A survey done by the Bank of China published on Jan 31 indicated that last year, 76 percent of respondents from 3,134 overseas enterprises and 118 financial institutions in 25 countries and regions believed that the yuan will play a role as important as other major international currencies, including the US dollar, British pound, euro and Japanese yen.
That proportion increased from 72 percent from the annual survey in 2016, reflecting strengthened confidence in the yuan’s global usage, said the bank.
More than 60 percent of respondents indicated they will increase their use of yuan in global trade, investment and foreign reserves, according to the survey. In 2017, the yuan remained the world’s sixth-largest currency in payments and seventh-largest in foreign exchange reserves.
“The market’s demand for yuan-denominated assets will be huge in the future,” Zhang Qingsong, vice-president of the Bank of China, said at a news conference on Jan 31. Zhang said plans to launch crude oil futures in Shanghai will support the yuan’s use in setting commodity prices in global trading.
Other favorable conditions for strengthen the yuan’s international status include further implementation of the Belt and Road Initiative.

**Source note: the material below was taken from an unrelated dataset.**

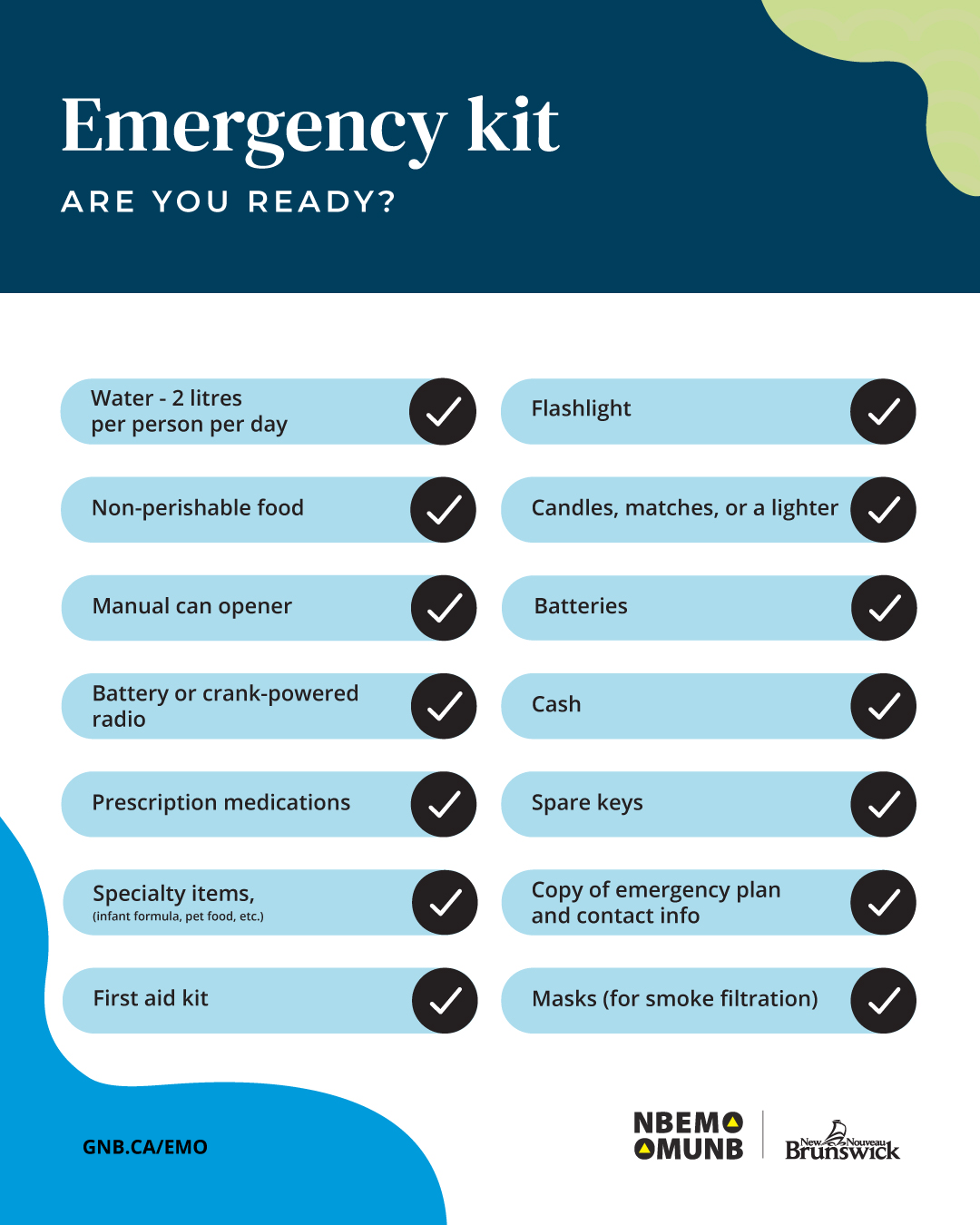 Always be prepared by having an emergency plan for your household. Create an emergency kit which includes essential items such as water, food, crank or battery-operated flashlights and radios, and medications.

That strong confidence in the yuan was expressed after China’s top representative delivered a speech last week at the World Economic Forum in Davos, Switzerland, saying the country will substantially open up the services and financial sectors and create a more attractive investment environment.
Wang Yongli, vice-chairman of China International Futures Co, told China Daily further opening-up of domestic financial markets and encouraging use of the yuan in international financial asset pricing and settlement are inevitable in boosting its global usage.
Experts forecast that the yuan’s exchange rate will remain relatively steady this year, but it will float more freely as the market plays a stronger role in deciding its value.
The yuan’s spot exchange rate for onshore trading strengthened to 6.2920 per dollar at the close on Jan 31, the highest since August 10, 2015. The currency has appreciated by 3.5 percent in the first month this year.